▶ **Task item**: Within the records that follow, restate exactly the lines from the line with "Für alle DIY-Fans" down to the line with "Vor Ort weist", including both. Omit the pictures.

▶ **Task inputs**:

+ + + +

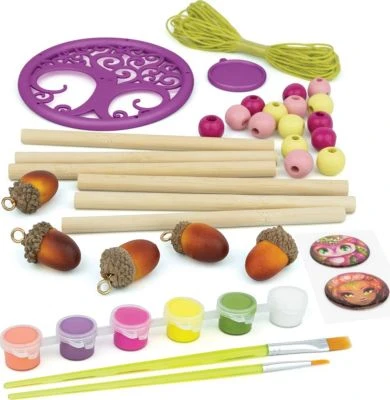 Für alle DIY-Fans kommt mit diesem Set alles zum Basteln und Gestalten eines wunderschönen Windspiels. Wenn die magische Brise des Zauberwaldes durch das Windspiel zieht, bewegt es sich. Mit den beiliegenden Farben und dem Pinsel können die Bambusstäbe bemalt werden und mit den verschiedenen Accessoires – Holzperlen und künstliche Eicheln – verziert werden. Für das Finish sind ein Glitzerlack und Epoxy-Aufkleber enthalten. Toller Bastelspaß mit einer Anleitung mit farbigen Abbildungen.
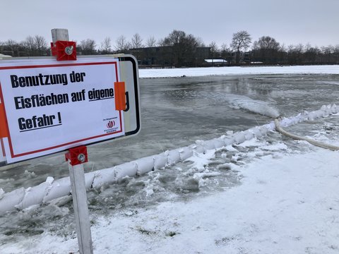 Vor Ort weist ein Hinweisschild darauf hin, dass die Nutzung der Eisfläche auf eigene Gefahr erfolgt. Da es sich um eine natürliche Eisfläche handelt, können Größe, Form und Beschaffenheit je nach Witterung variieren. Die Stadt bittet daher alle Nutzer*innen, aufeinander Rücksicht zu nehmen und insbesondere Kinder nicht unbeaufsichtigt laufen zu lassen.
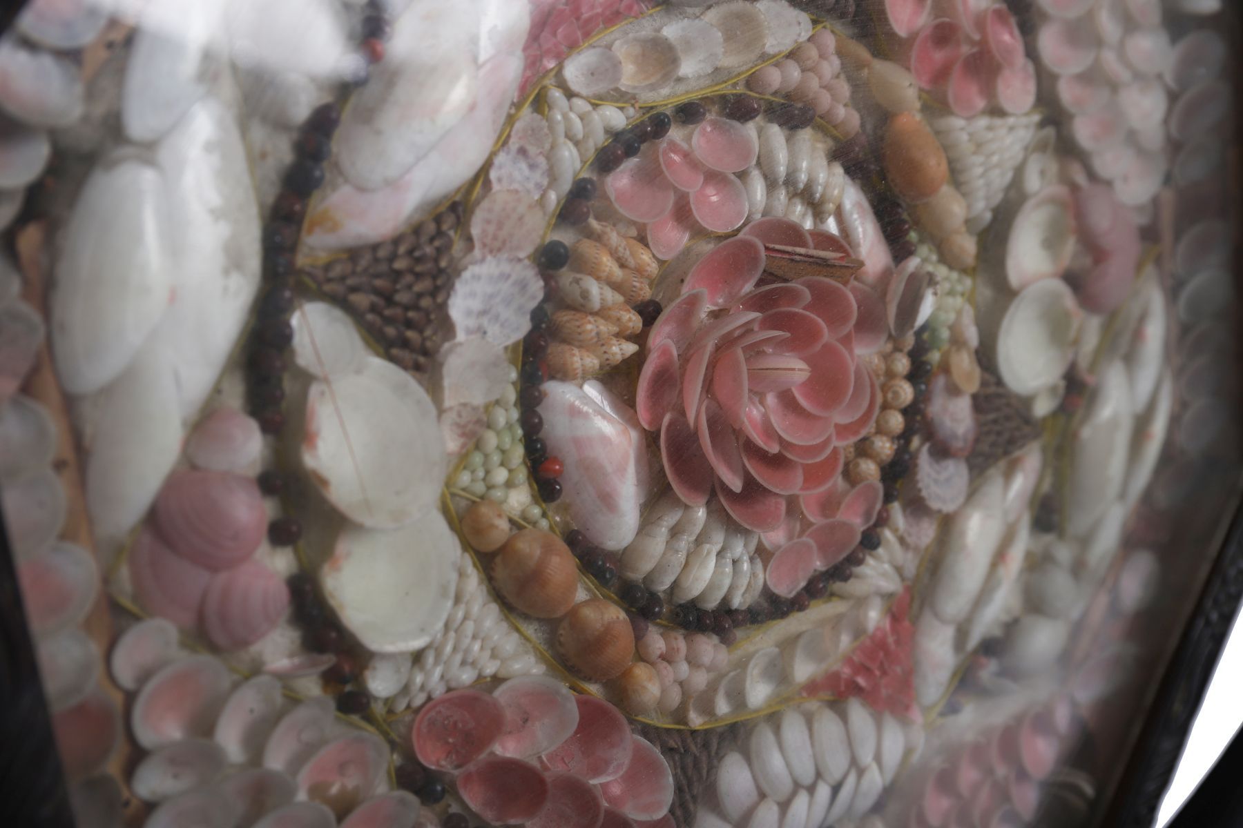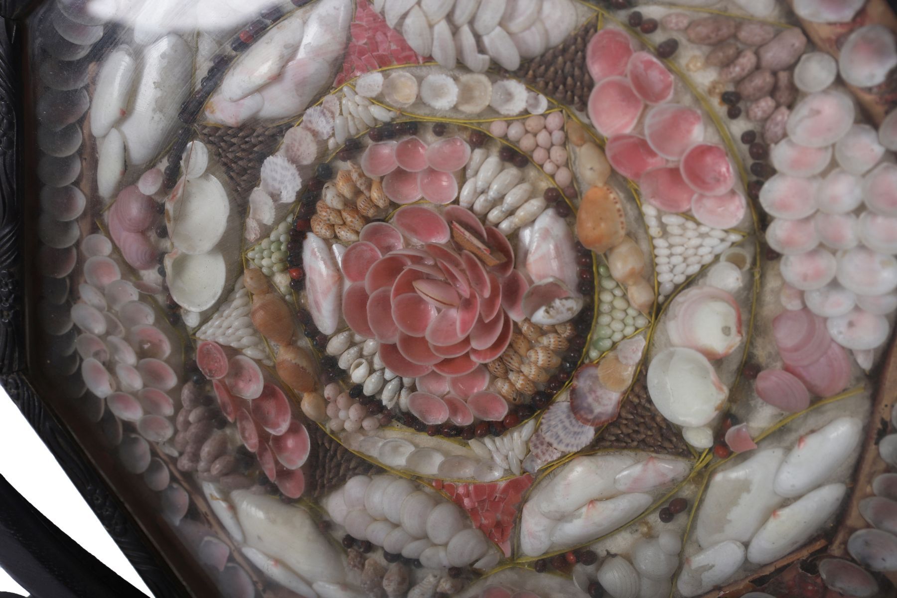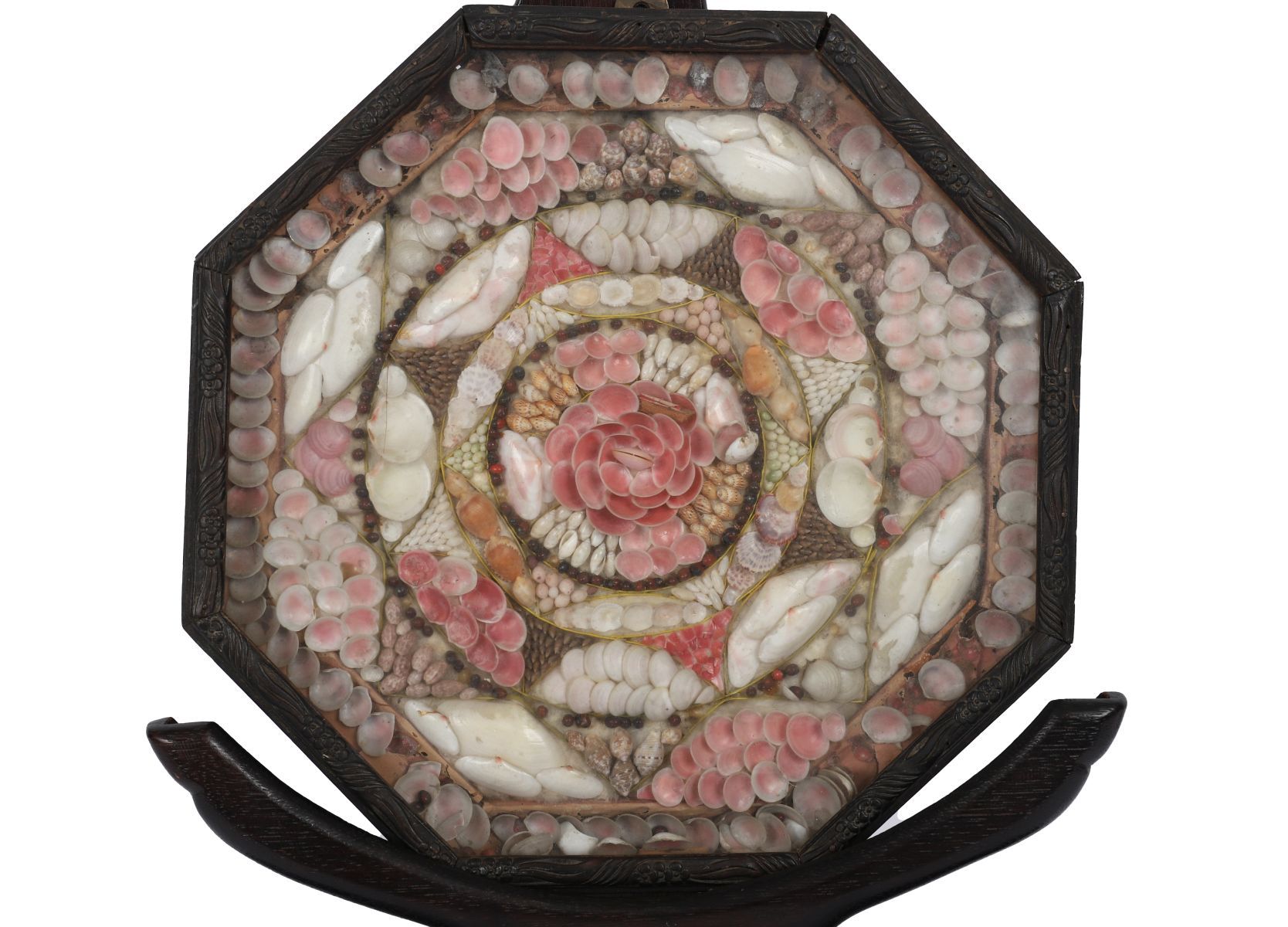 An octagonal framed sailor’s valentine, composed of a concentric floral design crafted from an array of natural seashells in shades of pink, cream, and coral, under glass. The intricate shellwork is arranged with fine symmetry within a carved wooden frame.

+ + + +

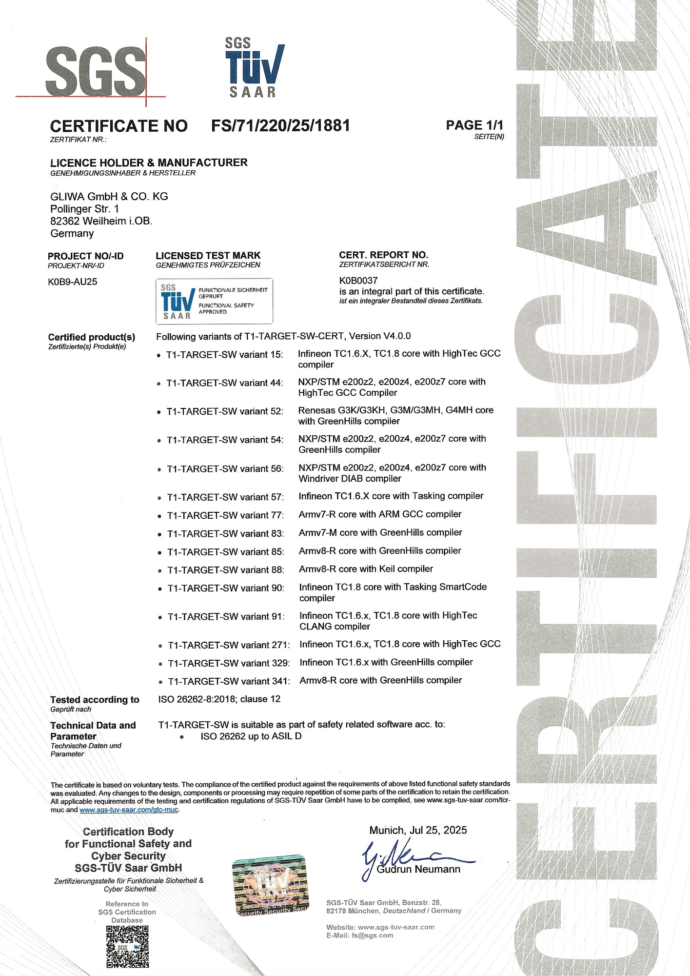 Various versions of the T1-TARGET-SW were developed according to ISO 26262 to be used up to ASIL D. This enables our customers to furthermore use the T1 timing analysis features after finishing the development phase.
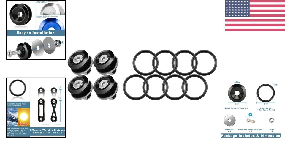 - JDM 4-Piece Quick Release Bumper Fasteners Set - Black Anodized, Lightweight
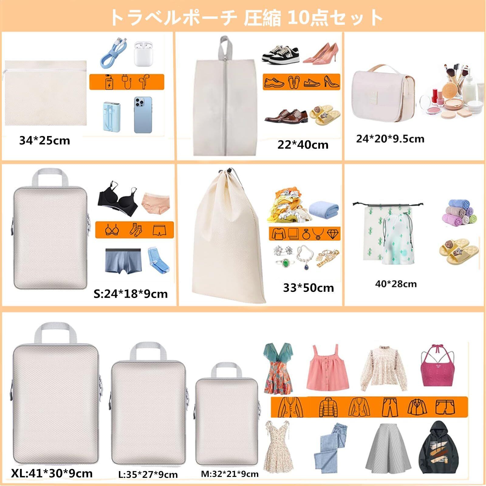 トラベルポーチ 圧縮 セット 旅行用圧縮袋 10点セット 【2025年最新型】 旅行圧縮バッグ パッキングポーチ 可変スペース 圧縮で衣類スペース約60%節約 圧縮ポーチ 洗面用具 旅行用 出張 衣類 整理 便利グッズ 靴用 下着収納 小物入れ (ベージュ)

+ + + +

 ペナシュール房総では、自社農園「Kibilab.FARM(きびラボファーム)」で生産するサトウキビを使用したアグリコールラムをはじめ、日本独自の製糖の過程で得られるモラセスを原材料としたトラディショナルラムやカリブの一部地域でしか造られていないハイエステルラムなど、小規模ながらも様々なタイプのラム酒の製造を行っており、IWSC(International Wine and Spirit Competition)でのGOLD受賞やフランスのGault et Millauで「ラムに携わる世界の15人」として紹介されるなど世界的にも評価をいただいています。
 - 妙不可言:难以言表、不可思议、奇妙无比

+ + + +

▶ **Exercise response**:
 Für alle DIY-Fans kommt mit diesem Set alles zum Basteln und Gestalten eines wunderschönen Windspiels. Wenn die magische Brise des Zauberwaldes durch das Windspiel zieht, bewegt es sich. Mit den beiliegenden Farben und dem Pinsel können die Bambusstäbe bemalt werden und mit den verschiedenen Accessoires – Holzperlen und künstliche Eicheln – verziert werden. Für das Finish sind ein Glitzerlack und Epoxy-Aufkleber enthalten. Toller Bastelspaß mit einer Anleitung mit farbigen Abbildungen.
 Vor Ort weist ein Hinweisschild darauf hin, dass die Nutzung der Eisfläche auf eigene Gefahr erfolgt. Da es sich um eine natürliche Eisfläche handelt, können Größe, Form und Beschaffenheit je nach Witterung variieren. Die Stadt bittet daher alle Nutzer*innen, aufeinander Rücksicht zu nehmen und insbesondere Kinder nicht unbeaufsichtigt laufen zu lassen.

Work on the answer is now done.